Dushku — a political science professor at Suffolk University in Boston, LDS Boston Stake Relief Society president and now president of an international nonprofit organization bringing hope and healing to war-torn Uganda — was in Utah last week to receive the 2010 Eve Award from the Mormon Women's Forum.

The award is given each year to a "woman of courage and vision who has made a significant contribution to Mormon women," forum leader Janice Allred told about 75 women and four men gathered on the fourth floor of the University of Utah's Union Building.

It was the annual Counterpoint Conference, whose theme this year was: "Half the Church: Turning Obstacles Into Opportunities for Mormon Women."

Discussions at the one-day conference focused on young women's efforts at "New Wave Feminism," sharing their experiences through blogging, and how sex affects LDS women's lives.

In the 1970s, Dushku was among the New England founders of Exponent II, a tabloid modeled after a 19th-century Utah counterpart, The Woman's Exponent.

In the modern version, Dushku edited a section called, "Sisters Speak." She worked hard to get Mormon women to share their experiences with love, marriage, birth control, loneliness, doubt, infertility, infidelity and so forth.

The editors were all active in The Church of Jesus Christ of Latter-day Saints and hoped to nudge the faith toward more gender equality. At the same time, Dushku was teaching a college course using a text titled, Sisterhood Is Global.

Today, Dushku's LDS feminism and global perspective have merged. But now she mostly uses her Mormonism to change the world, not the church.

The Boston-based leader, teacher, mother of four and good-natured whirlwind of activity is "a fierce and generous feminist and humanist," Lavina Fielding Anderson said in her introduction of the Eve Award. "She is a mother to the world."

As such, the activities of some of her "children" are heartbreaking.

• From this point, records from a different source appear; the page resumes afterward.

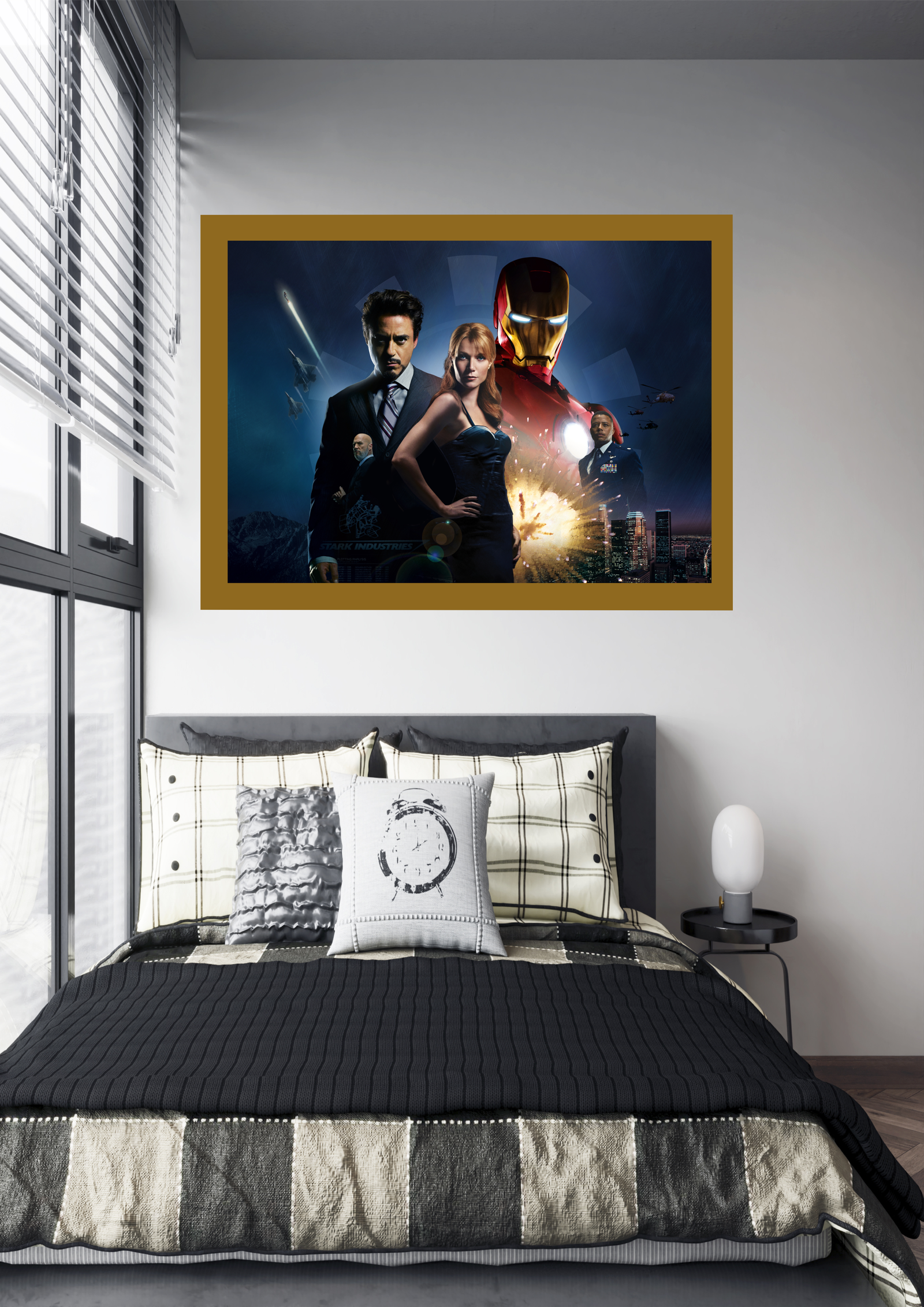 Neste quarto moderno, a decoração é elevada a um novo patamar com a presença imponente de um pôster de herói tecnológico. A imagem vibrante na parede destaca um trio icônico, simbolizando poder e inovação. O contraste entre o design minimalista do ambiente e a complexidade do pôster cria uma harmonia visual intrigante. A cama, com sua colcha em tons neutros e almofadas texturizadas, oferece conforto e sofisticação. A luz suave que entra pela janela realça os detalhes do espaço, enquanto a luminária moderna ao lado adiciona um toque de contemporaneidade. Este ambiente é um refúgio para admiradores de tecnologia e estilo, onde cada elemento foi cuidadosamente escolhido para inspirar e impressionar.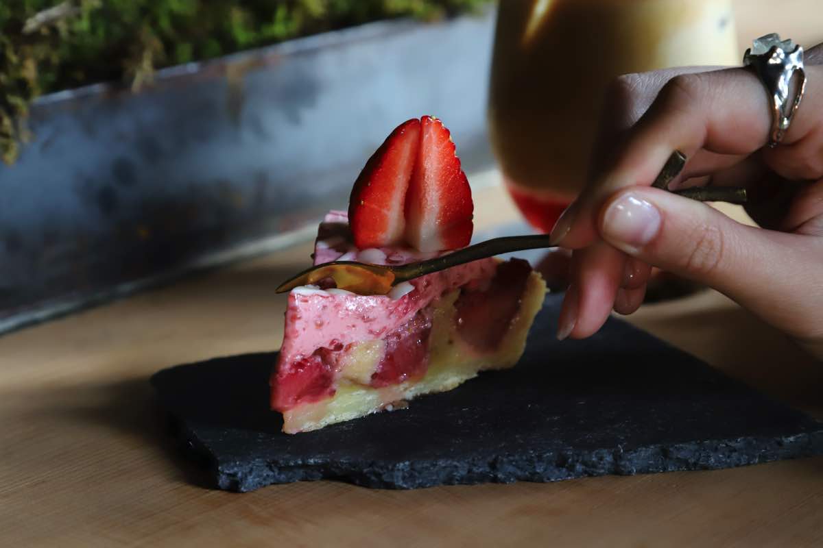 いちごの品種スターナイトを贅沢に使用した「焼き苺タルト」のムース部分は、ふにっとやわらかく、くちどけ豊かな味わいが口いっぱいに広がる。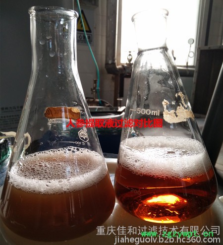 由于植物纤维、胶体、微生物的存在,获得的提取液比较浑浊、颜色较深,杂质含量高,而传统板框、硅藻土等过滤方式,只能除去大部分药渣及固性颗粒、微粒子,不能截留除去呈现为溶解性或半溶解性的大分子杂质,即传统过滤方式的精度不够。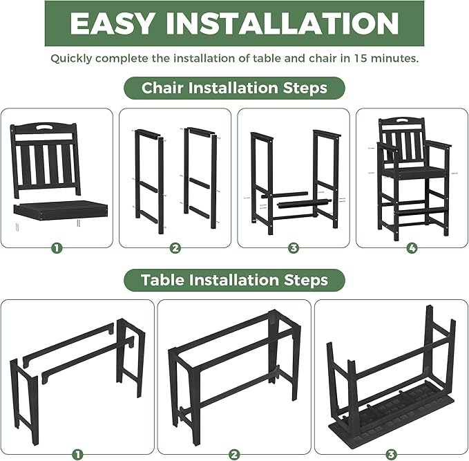 - 【All-Weather, Low-Maintenance HDPE】 Engineered to endure! Unlike rust-prone metal sets, our 100% recycled HDPE resists rain, UV damage, and extreme temperatures. No sealing/repainting—just wipe clean with soapy water. Ideal for busy households, this set maintains its appearance for years indoors or outdoors.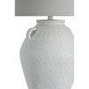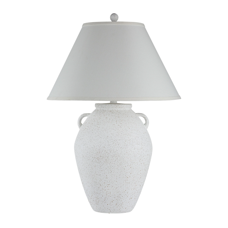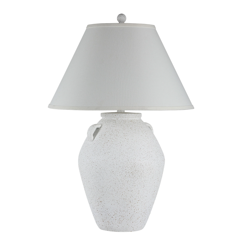 Just the thing to complete the look of your latest transitional design project, this timeless table lamp will light up the room in classic style. Featuring a double-handled jar silhouette and an off-white hand-painted patina, this clay-look lamp delivers enduring charm to any space. Finished off with an ivory drum shade, the result is warm and welcoming. Product Details:

In July, Dushku led 11 Mormon women to Gulu, a war-ravaged corner of Uganda, to build a house and document the horrific tales of young women who had been kidnapped by rebels and conscripted into the so-called Lord's Resistance Army.

Nearly 50 percent of the "child soldiers" were girls who, like the boys, were forced to kill family members as a symbol of their loyalty. But the girls also did the cooking and washing and were sex slaves to the men.

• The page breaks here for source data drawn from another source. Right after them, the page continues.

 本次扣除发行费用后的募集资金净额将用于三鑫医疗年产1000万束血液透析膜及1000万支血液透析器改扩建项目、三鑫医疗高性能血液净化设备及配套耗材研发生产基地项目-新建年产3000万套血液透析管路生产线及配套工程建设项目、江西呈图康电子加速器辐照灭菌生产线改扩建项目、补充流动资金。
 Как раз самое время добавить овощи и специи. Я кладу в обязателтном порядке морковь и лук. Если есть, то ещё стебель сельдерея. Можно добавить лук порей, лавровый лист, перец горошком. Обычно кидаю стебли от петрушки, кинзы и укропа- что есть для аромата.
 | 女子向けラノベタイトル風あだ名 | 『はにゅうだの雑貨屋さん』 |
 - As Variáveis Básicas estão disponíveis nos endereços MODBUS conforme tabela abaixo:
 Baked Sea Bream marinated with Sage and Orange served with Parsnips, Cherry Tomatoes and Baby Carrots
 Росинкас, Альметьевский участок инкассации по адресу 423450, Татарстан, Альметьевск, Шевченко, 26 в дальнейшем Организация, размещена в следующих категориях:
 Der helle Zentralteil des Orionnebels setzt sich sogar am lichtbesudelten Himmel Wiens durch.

Dushku described the ordeal of one young woman she met. Rose was snatched at age 10 and a year later had a baby by one of the men who regularly raped her. The 22-year-old mother of four is safe now, but, like so many others, continues to suffer from the trauma.

Rose told Dushku that a group of young girls was sitting under a tree when a soldier singled out one of them. He asked the girls if the one he chose was "beautiful." They didn't know what he wanted them to answer, but said, yes.

"Beauty is trouble for men," he told them. "It causes conflict and competition among them."

The soldier then shot the girl dead, Dushku said, and required the others to lick the blood off her body as a warning of what happens to "beautiful girls."

The group visited an LDS congregation in Gulu, where the young branch president told Dushku that every member — male and female — had been traumatized by war.

Another young mother, Lucy, now brings together 35 such female survivors every Sunday under a tree for a kind of support group.

"We Mormons are big into family history," Dushku said. "Lucy is creating a new kind of family with a history. And our 11 Mormon women are part of a family that now has a history. Creating these families and telling these stories is part of our concept of Zion."

Dushku returned to the United States and launched a nonprofit organization, THARCE-GULU Inc., which stands for Trauma, Healing and Reflecting Center. She wants to build a center where women can reveal the horrors they have experienced as a way of healing. Dozens of eager participants from the LDS network have offered their time and money as have many others from various regions, religions and professions.

The fierce feminist feels an urgency to document these agonizing "herstories" before they, like so many other women's perspectives, are lost.

"To hear their stories and do nothing is to be a voyeur," one participant told Duskhu, expressing what they all felt. "I will not be that."